- **DESCRIPTION OF THE TASK**: In the material below, the lines between the one holding "A OpenText enfatizou" and the one holding "2階共有スペースのダイニング", inclusive, are to be set down word for word. Pictures stay out.

- **INPUT FOR THIS TASK**:
—————
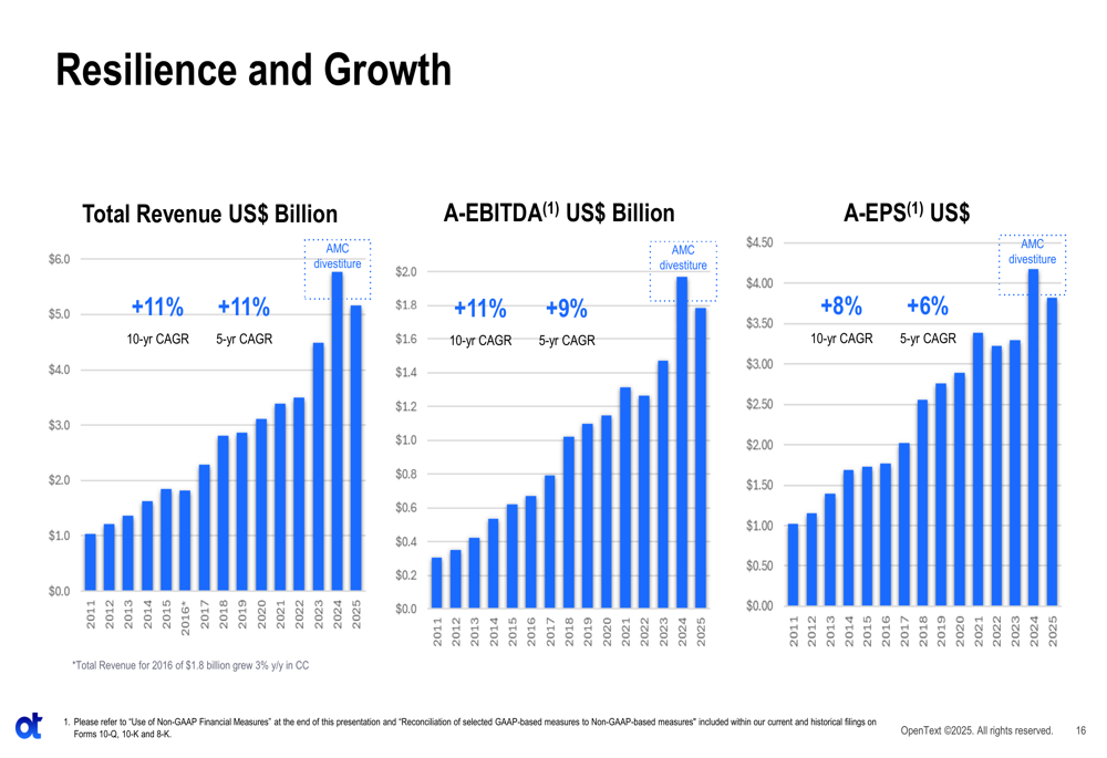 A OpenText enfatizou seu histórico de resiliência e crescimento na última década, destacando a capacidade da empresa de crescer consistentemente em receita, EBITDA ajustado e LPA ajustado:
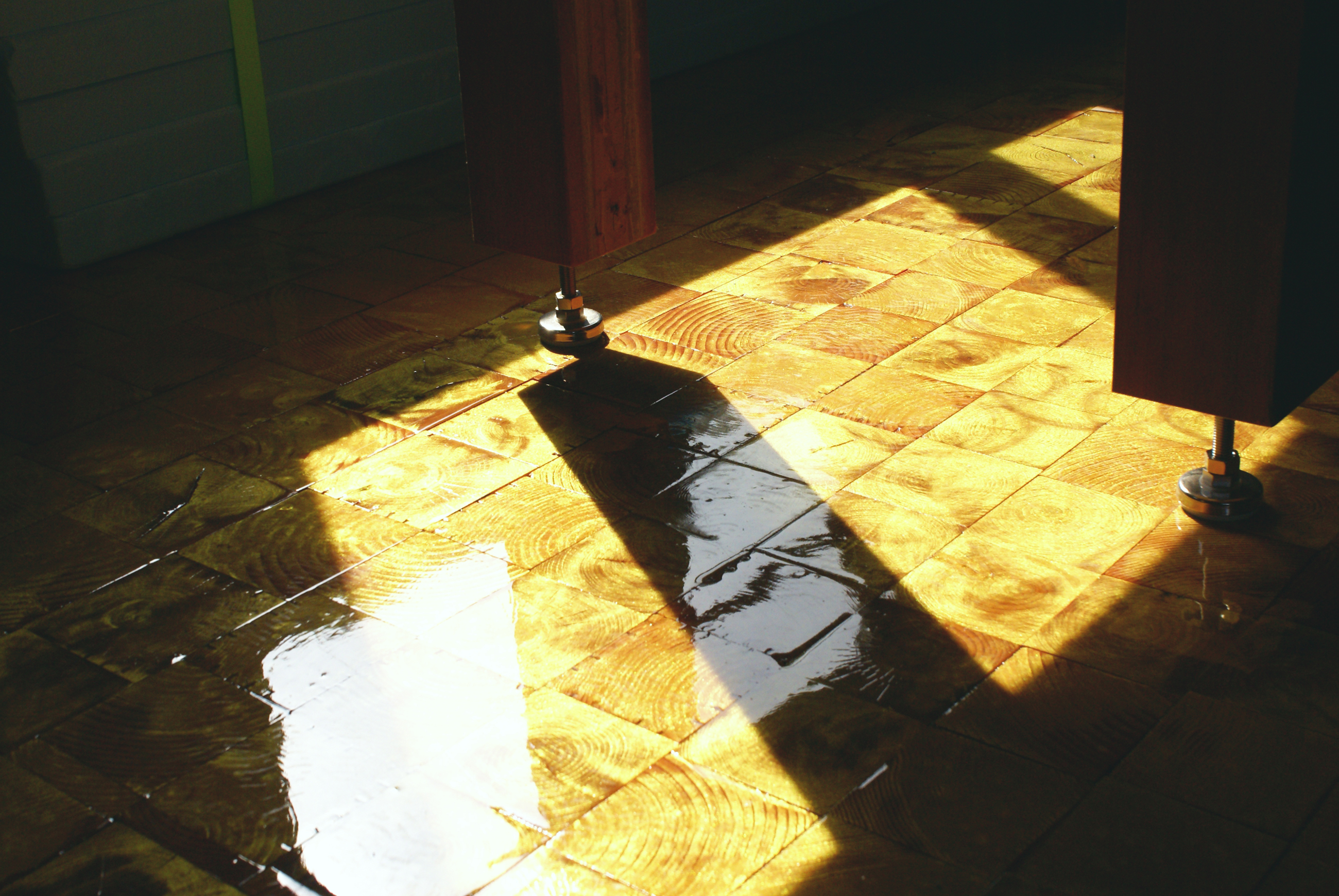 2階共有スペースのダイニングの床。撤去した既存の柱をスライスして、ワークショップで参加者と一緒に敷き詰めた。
—————
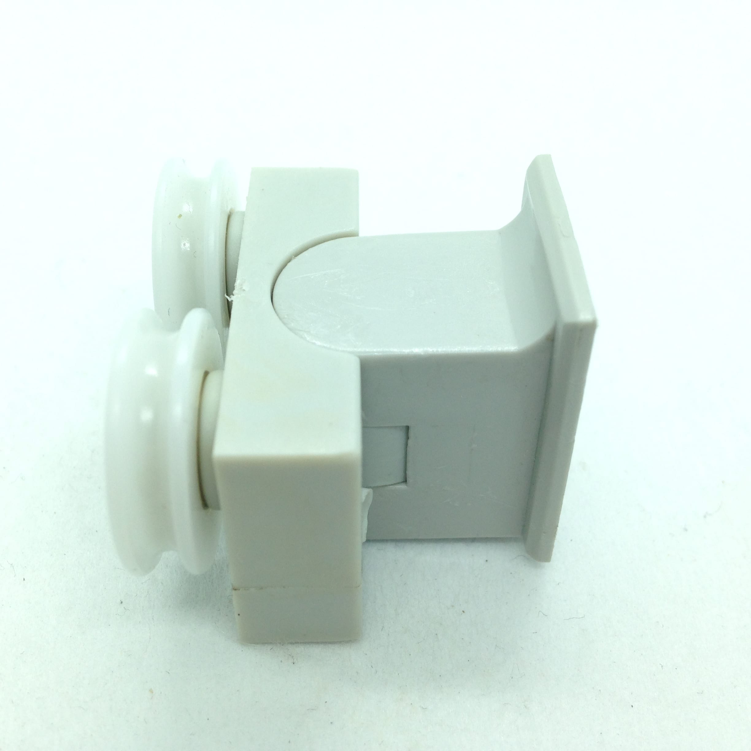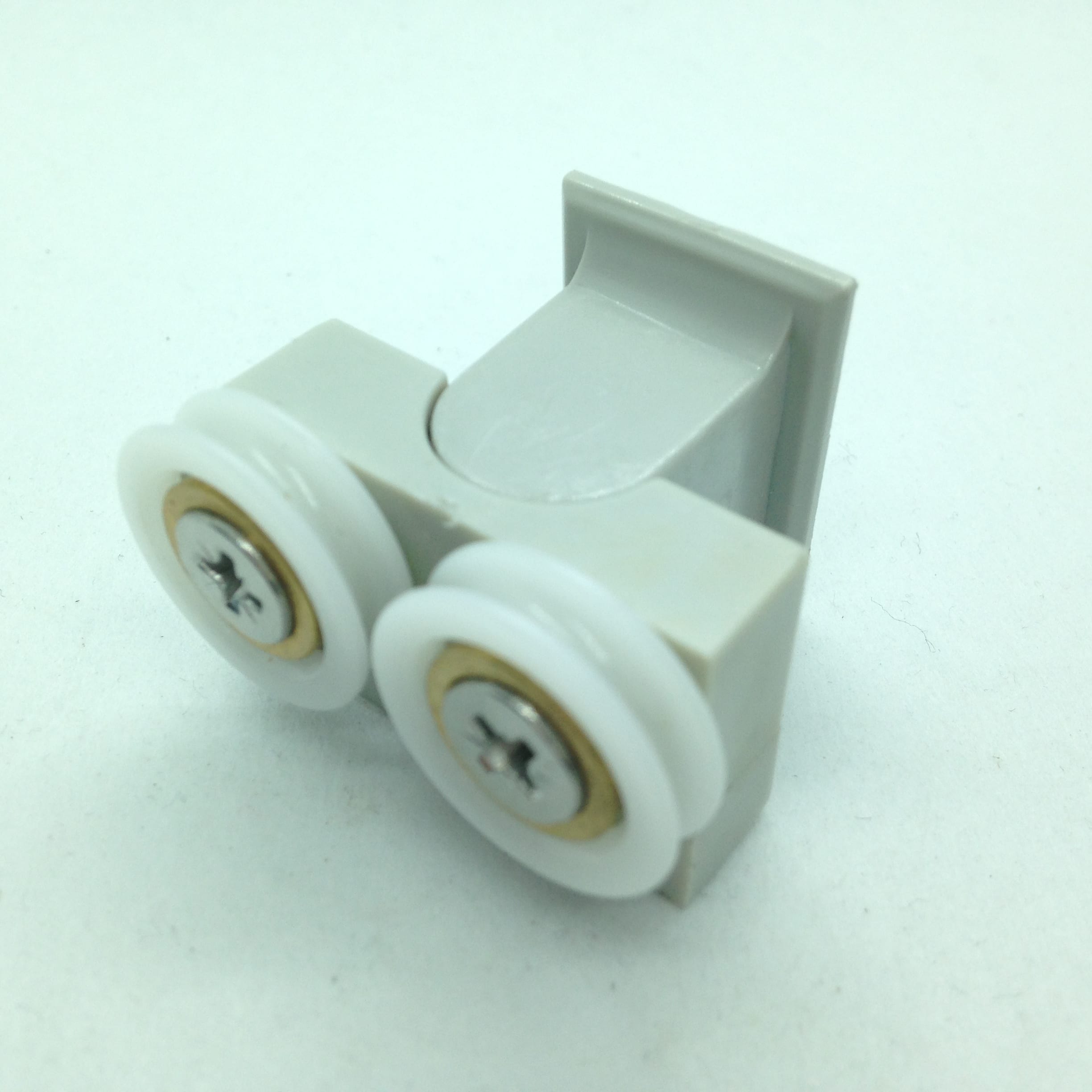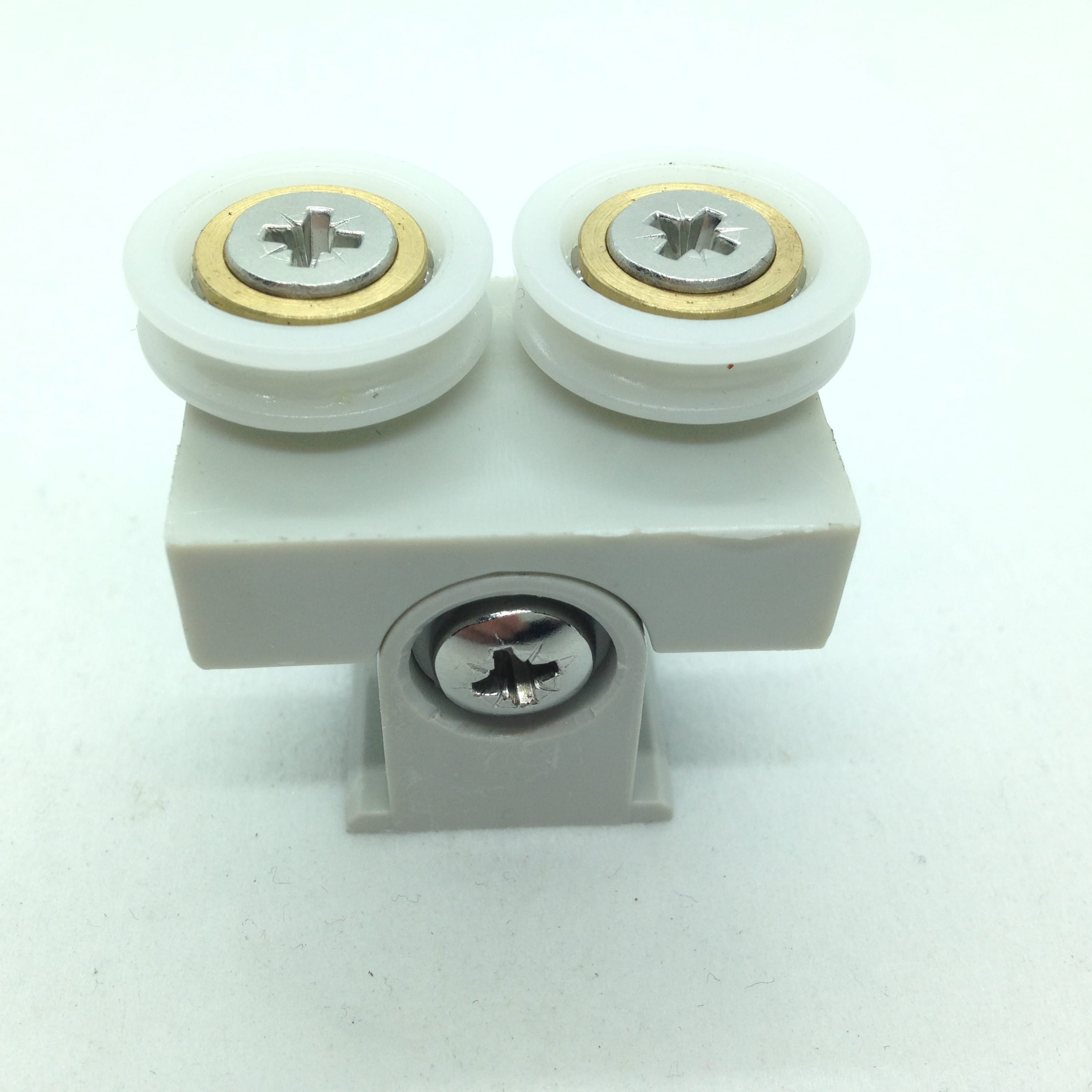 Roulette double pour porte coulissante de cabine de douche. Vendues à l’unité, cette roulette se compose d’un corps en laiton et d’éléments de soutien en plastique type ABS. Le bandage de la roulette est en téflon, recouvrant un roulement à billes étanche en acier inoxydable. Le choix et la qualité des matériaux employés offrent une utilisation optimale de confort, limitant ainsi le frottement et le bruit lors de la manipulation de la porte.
—————
- **WRITTEN SOLUTION**:
 A OpenText enfatizou seu histórico de resiliência e crescimento na última década, destacando a capacidade da empresa de crescer consistentemente em receita, EBITDA ajustado e LPA ajustado:
 2階共有スペースのダイニングの床。撤去した既存の柱をスライスして、ワークショップで参加者と一緒に敷き詰めた。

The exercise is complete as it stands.